Fast bytecode interpreter
Luau features a very highly tuned portable bytecode interpreter. It's similar to Lua interpreter in that it's written in C, but it's highly tuned to yield efficient assembly when compiled with Clang and latest versions of MSVC. On some workloads it can match the performance of LuaJIT interpreter which is written in highly specialized assembly. We are continuing to tune the interpreter and the bytecode format over time; while extra performance can be extracted by rewriting the interpreter in assembly, we're unlikely to ever do that as the extra gains at this point are marginal, and we gain a lot from C in terms of portability and being able to quickly implement new optimizations.
Of course the interpreter isn't typical C code - it uses many tricks to achieve extreme levels of performance and to coerce the compiler to produce efficient assembly. Due to a better bytecode design and more efficient dispatch loop it's noticeably faster than Lua 5.x (including Lua 5.4 which made some of the changes similar to Luau, but doesn't come close). The bytecode design was partially inspired by excellent LuaJIT interpreter. Most computationally intensive scripts only use the interpreter core loop and builtins, which on x64 compiles into ~16 KB, thus leaving half of the instruction cache for other infrequently called code.
Optimizing compiler
Unlike Lua and LuaJIT, Luau uses a more classical compiler construction with a frontend that parses source into an AST and a backend that generates bytecode from it. This carries a small penalty in terms of compilation time, but results in more flexible code and, crucially, makes it easier to optimize the generated bytecode.

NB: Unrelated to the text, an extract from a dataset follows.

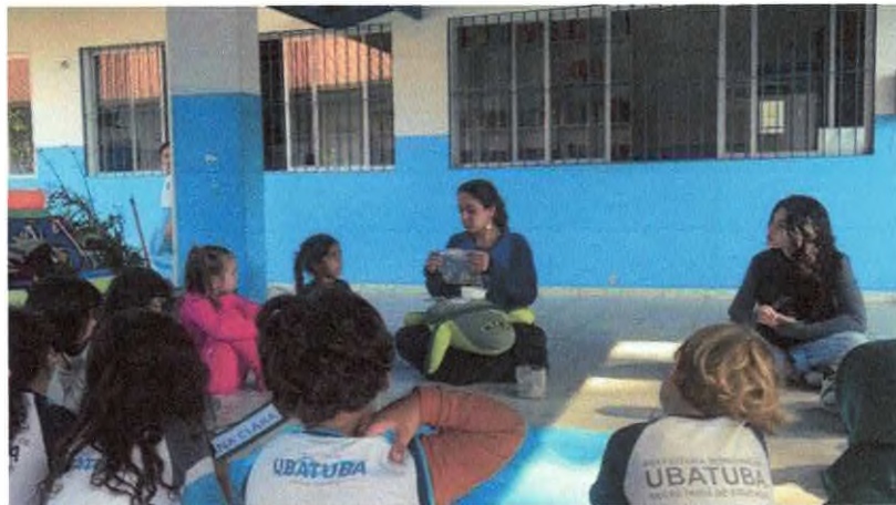
Contação de história com a tartaruga de pelúcia e lixo retirado do estômago de tartaruga.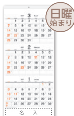
H-300 メモ付・シンプル 3ヶ月文字月表

While bytecode optimizations are limited due to the flexibility of Luau code (e.g. a * 1
may not be equivalent to a
if *
is overloaded through metatables), even in absence of type information Luau compiler can perform some optimizations such as "deep" constant folding across functions and local variables, perform upvalue optimizations for upvalues that aren't mutated, do analysis of builtin function usage, and some peephole optimizations on the resulting bytecode. In the future we plan to do bytecode-level inlining and possibly other code transformation.
Luau compiler currently doesn't use type information to do further optimizations, however early experiments suggest that we can extract further wins. Because we control the entire stack (unlike e.g. TypeScript where the type information is discarded completely before reaching the VM), we have more flexibility there and can make some tradeoffs during codegen even if the type system isn't completely sound. For example, it might be reasonable to assume that in presence of known types, we can infer absence of side effects for arithmetic operations and builtins - if the runtime types mismatch due to intentional violation of the type safety through global injection, the code will still be safely sandboxed; this may unlock optimizations such as common subexpression elimination and allocation hoisting without a JIT. This is speculative pending further research.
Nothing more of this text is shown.